What actually breaks (and what it looks like at 2 a.m.)
I don’t trust “known issues: none” from any project. I trust symptoms.
- Removed API usage: Helm upgrades fail, controllers crash-loop, kubectl apply returns “no matches for kind.” Fix the manifests and controller client libraries before you retry the upgrade.
- Version skew violations: Kubelets refuse to register, control plane components behave oddly, and the cluster feels unstable. Back up, stop, and bring versions back into a supported range.
- CNI/CSI mismatch: Pods stick in Pending, nodes show Ready but have no networking, or volumes refuse to attach. Upgrade the add-on to a compatible version, and verify daemonsets roll across every node.
FAQ
Can you skip minor versions when upgrading Kubernetes? For kubeadm upgrades, upstream docs say skipping minor versions is unsupported. In managed services, providers sometimes abstract this, but you still pay the compatibility cost, so test like you are skipping even if the UI lets you click through.
Do you upgrade the control plane or worker nodes first?
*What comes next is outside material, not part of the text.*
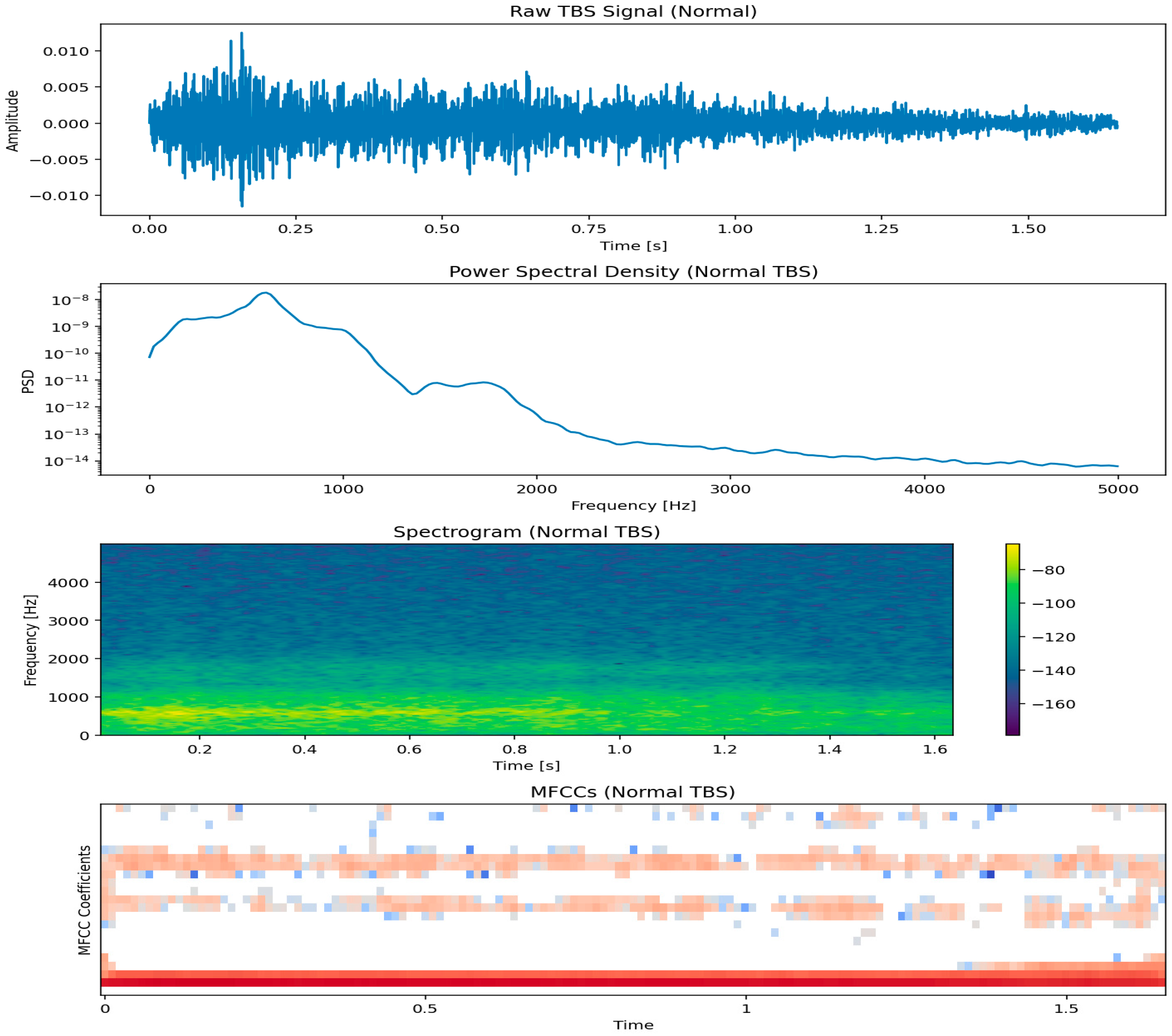 Time-DomainRMS, Mean, Zero-Crossing Rate, P-wave duration, QRS widthReflects amplitude, rhythm, and morphology of physiological eventsECG arrhythmia detection, EMG muscle activation, TBS airflow intensity

Upgrade the control plane first, then workers. This keeps kubelet and control plane components inside supported skew rules.
Do you need to drain nodes for a minor version upgrade? Drain nodes before minor kubelet upgrades. I’ve seen teams skip drains “just this once,” then spend an hour untangling stuck pods and PDB blocks.
How do I know which APIs are removed in my target version? Use the Kubernetes Deprecated API Migration Guide for the target release, then audit both Git and live objects.
Should I upgrade to the latest patch of my current version first? Yes. It reduces surprise by picking up bug fixes before you change a minor boundary.